Battlefield V isn’t the first or the silliest that we’ve complained about. The Technomancer was critically panned for some design choices, though a lot of players liked how it played like a classic Bioware game. Some gamers complained about games like Final Fantasy 15 and Metal Gears Solid V because they didn’t play enough like previous installments. Other gamers wanted to boycott Star Wars Battlefront 2 (although the loot-box fiasco was deserved) because they dared to offer a pink, cosmetic skin for Darth Vader. Of course, not all of the games that we nit-pick over are going to fail because of it, but the more vocal we get about non-issues, the harder it becomes for developers to get their games published. We’re setting these expectations that everything has to be perfect to every individual gamer and it’s a far cry from where we came.

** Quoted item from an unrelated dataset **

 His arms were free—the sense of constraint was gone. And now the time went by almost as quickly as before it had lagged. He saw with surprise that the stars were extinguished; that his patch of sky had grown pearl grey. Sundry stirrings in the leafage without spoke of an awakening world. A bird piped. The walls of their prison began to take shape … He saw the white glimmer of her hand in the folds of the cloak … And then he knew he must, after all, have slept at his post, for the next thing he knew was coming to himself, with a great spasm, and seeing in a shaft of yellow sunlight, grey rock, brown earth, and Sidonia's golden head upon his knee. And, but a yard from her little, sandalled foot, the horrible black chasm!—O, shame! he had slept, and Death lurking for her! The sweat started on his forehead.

A lot of us grew up using blocky characters that looked ridiculous and forgave horrible design flaws because the game was fun. Games like GoldenEye haven’t aged well, but they’re classics for a reason, and that’s because we all, collectively, enjoyed them so much.  Before the option of being able to choose different cosmetics for our digital avatars, we had to simply deal with looking the exact same as another player or, more often, we’d get a palate swapped version of the character, but we didn’t boycott developers for it. We enabled cheat codes for things like “Big Head Mode” even though it legitimately made us easier to kill.

This isn’t to say that the industry is perfect and we’re blowing every little thing out of proportion. There are some absolutely atrocious features that have, unfortunately, become industry standards like loot boxes, paid DLC that isn’t actual expansions or worthwhile content, pre-order bonuses, and so on, but the time may have come for us to step back and re-prioritize. Vampire: The Masquerade – Bloodlines was a broken, horrible mess and I loved it. The Elder Scrolls III: Morrowind had rough animations and a terrible combat system, but it’s one of my favorite games. The Legacy of Kain games were wordy and convoluted but I still actively campaign for a new iteration or a remaster because I WILL NOT LET THIS GO, EIDOS INTERACTIVE!

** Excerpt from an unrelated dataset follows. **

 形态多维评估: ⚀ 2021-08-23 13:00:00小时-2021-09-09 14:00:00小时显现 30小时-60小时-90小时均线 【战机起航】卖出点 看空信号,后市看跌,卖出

So, as gamers, let’s try to find it in ourselves to let out the inner children that used to play games because they were fun and cool. Let’s use robot arms to shoot WW2 weapons. Let’s play as males or females if we want to and be happy we even have the choice. Let’s match our red lightsabers with beautiful pink capes and destroy the rebel scum looking fabulous, as long as it’s fun, because it’s time we all remember that we’re gamers and having fun is what we do.